Test for Clay or Sandy Soil
The soil in your lawn controls the amount of fertiliser, air and water to the grass roots, therefore sandy and poor soils should be fed more than clay soils
Firstly, to determine an optimum lawn fertiliser programme, we need to establish soil type.
This is because different soils hold and release water, air, and nutrients at very different rates. This will affect the grass's demands and the assimilation of nutrients. It’s not critical to get this right; it's just beneficial. You’re paying for the fertiliser, so you may as well get the best bang for your buck!
Clay and dark soils are richer in nutrients and retain them readily, so they require slightly lower levels of nutrients. For example, our fertilisers for clay soil in spring and summer don't contain phosphate, as this is rarely in short supply in these soils. Sandy soils, on the other hand, drain more easily, so they require this in the fertiliser plus a slightly higher dose of the other nutrients to get the same result as a feed on clay soil.
Have you got clay or sandy soil?
If you don’t know take a small sample of soil from your garden. If you think the soil in your lawn is different from the rest of the garden then use a bulb planter or spade to lift a small area of lawn turf and take a golf ball size bit of soil from 2” to 4″ down.
The soil needs to have some moisture in it for these tests, and so do these tests after some rain.
Test 1:
Squeeze the soil in the palm of your hand; if it forms a sausage shape and stays together when you open your hand its clay based soil.

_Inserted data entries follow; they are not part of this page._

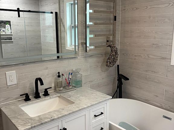 Home has been rebuilt from basement up in 2017*Huge Eat in kitchen with Quartz countertops/breakfast bar with seperate dining area*Laundry room on 1st level off kithen*Sliders to Huge trex deck to a concrete patio/above ground pool and firepit area*Beautiful laminate wood floors thruout*staircase to sitting area/office*4 big bedrooms*MBR boasts ensuite/seperate tub/stall shower/lighted mirror medicine cabinet*gorgeous quartz top vanities 2 walkin closets*walk up Attic*Full finished basement for great entertaining*Living room has Gas fireplace with beautiful white brick surrounding*Attached garage with a concrete driveway to fit 4 cars.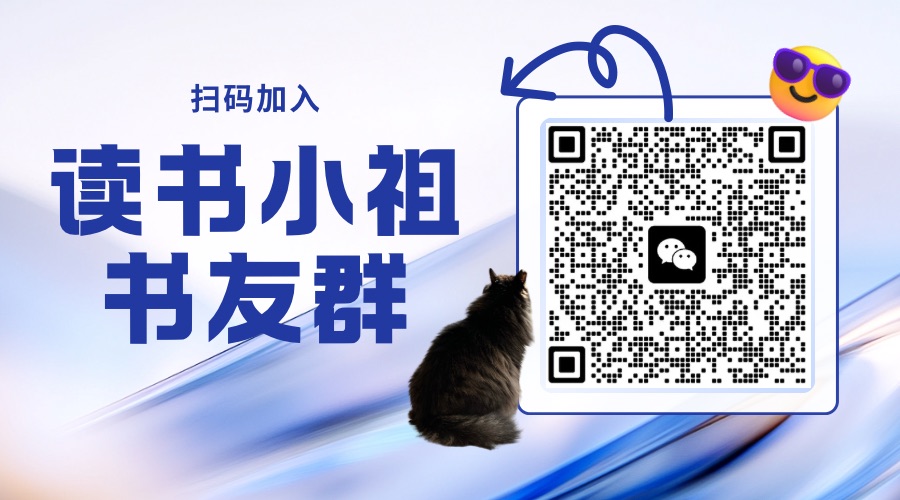 可以扫下面的二维码加入书友群,也可以在🍠上搜索账号:读书小祖。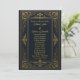 Invitación de Boda Elegante con Hojas Negras y Doradas Haz una declaración con esta impresionante invitación de boda negra y dorada, diseñada para exudar sofisticación regia y belleza atemporal. Con intrincados acentos de hojas doradas sobre un fondo negro profundo, esta invitación es perfecta para parejas que buscan agregar un toque de grandeza a su día especial. Elaborada con materiales premium y una estética refinada, establece el tono para una celebración inolvidable.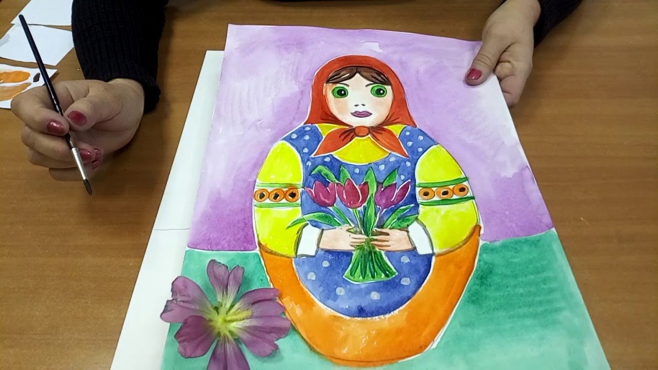 ![Матрешка акварель]()

If it crumbles into a few or more pieces then a sandy base is more likely.
Test 2:
Take a pea sized bit of soil and smear it between your fingers. If it feels reasonably smooth or even silky it has a clay base. If it feels finely ‘gritty’ then it has a sand base.
Hopefully, the results from your two tests will give the same answer!
You can take this a step further by getting a soil analysis done. If you are going the whole hog and intend to invest a lot of time and money in your lawn, then a test would be a good investment.